The wife of Perthshire legend Andy Robin said she feels like her “heart has been ripped out” following the death of her husband.
The Commonwealth wrestling champion, best known as the adopted father of Hercules the Bear, died this week, aged 84.
His wife of almost 40 years, Maggie Robin, has paid tribute to the gentle giant she raised the 9ft grizzly with for 25 years.
Video of Hercules, broadcast on YouTube by Connor PR, is above this article.
Andy and Maggie met 46 years ago and they set up home on a ranch in Sheriffmuir, near Dunblane, and devoted their lives to raising their unusual companion, agreeing not to have children to give Hercules their undivided attention.

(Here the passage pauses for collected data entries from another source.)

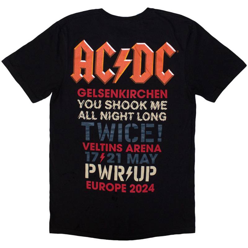 【予約商品】AC/DC バンドTシャツ ユニセックス: PWRD-UP Gelsenkirchen '24 (Black) (Back Print & Ex-Tour) (Small) - BLACK
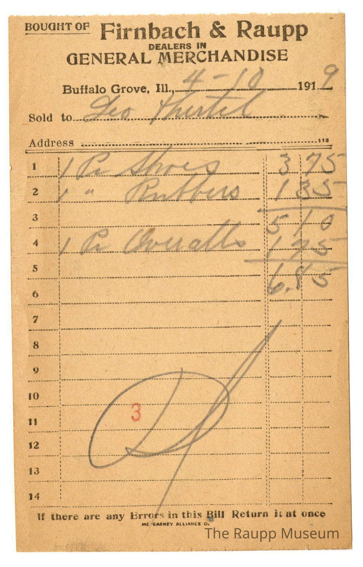 The black text is as follows, from top to bottom: "Bought of Firnbach and Raupp: Dealers in GENERAL MERCHANDISE; Buffalo Grove , Ill.; Sold to; Address; If there are any Errors in this Bill Return it at once; MC CARNEY ALLIANCE O."Archive Details
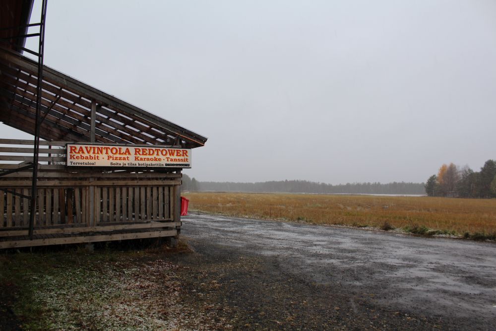 Sitten palaamme takaisin keskustaan päin ja käännymme työväentalon kohdalta Leskeläntielle. Kun Leskeläntietä on ajettu pari sataa metriä, on tien vasemmalla puolella ravintola Redtower. En todellakaan olisi osannut odottaa, että tällaisen kylätien varrelta, pellon reunalta, putkahtaisi yhtäkkiä näkyviin ravintola. Ja vielä varsin mielenkiintoinen sellainen.
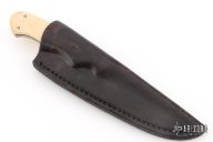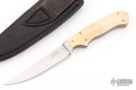 This Skinner by George Englebretson features a hand rub satin polish blade with .089" blade stock and .791" blade depth, full tang construction. The handle has a steel guard, bone covers, black liners, and nickel silver pins. Thumb notches on the spine. Comes with a leather sheath. Has a couple light scratches and patina, otherwise great condition. Tip is slightly chipped.
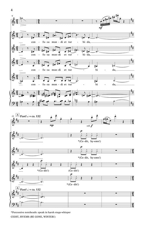 Now available in an SSAA edition! After an opening that evokes a confused and troubled world, this work bursts into a sweeping attempt to drive the world's coldness away in favor of love. Flute part included. Also available for SATB. Duration: ca. 3:00.
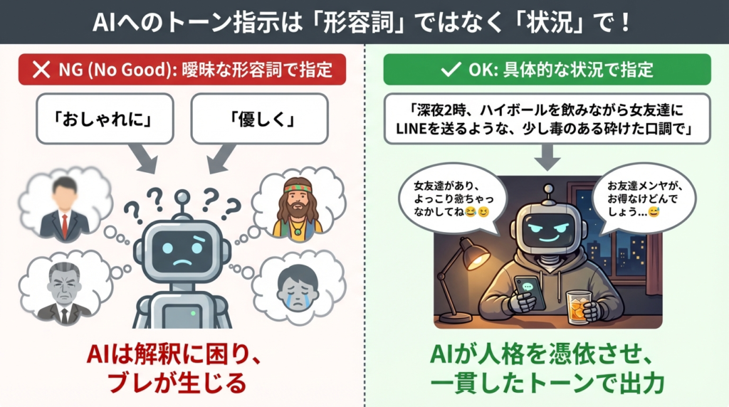 「おしゃれに」「優しく」といった形容詞は、人によって解釈が異なります。AIにとっては曖昧すぎるのです。具体的な「シチュエーション」を与えることで、AIに人格を憑依させます。
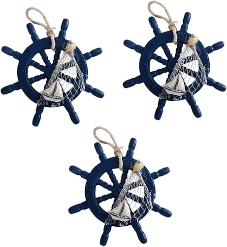 Garneck Lot De 3 Décorations Murales En Bois Style Nautique Pendentif Mural Rétro En Bois Style Méditerranéen Pendentif Suspendu

The couple were heartbroken when Hercules died in 2000 but continued a happy life, moving to Auchterarder where Maggie owns the Bear Necessities boutique. Andy suffered a stroke six years ago and his health deteriorated in the last few weeks, leading to his death on Wednesday evening at St Margaret’s Community Hospital.
Maggie said: “We were joined at the hip and were very happy.
“When Hercules was here we were like the three musketeers, we were so happy in our own wee bubble.
“I can’t believe he is gone, he was such a vibrant guy with so much life in him. I feel like my heart has been ripped out.
“We were together 24/7 so I feel quite lost, I have never known a pain like it.”
When the pair met she was a showjumper and he was a wrestler. It was love at first sight and the unusual family of three soon attracted worldwide fame.
Hercules met Margaret Thatcher, dined in pubs on London’s Fleet Street, was named “personality of the year” by the Scottish Tourist Board and drank a lot of beer.
Families turned out in their hundreds to meet him at public events and he became the stuff of international folklore when he went missing for 24 days on the island of Benbecula in the Outer Hebrides in 1980 before being recaptured.
It was Andy’s final wish to be buried in the Hebrides, next to his beloved bear.
In recent years Andy, the son of a Stirling miner, found animal companionship in his Jack Russell, Robbie, who, along with Maggie, comforted him in his final hours.
Despite his ill health, Maggie said her husband kept his legendary charm and kindness until the very end.
“He used to sit outside the shop and people would gravitate to him,” she said.
“He would sit and chat for hours, he just loved talking to people. Even in the hospital there would be six nurses round his bed, he never lost his charm.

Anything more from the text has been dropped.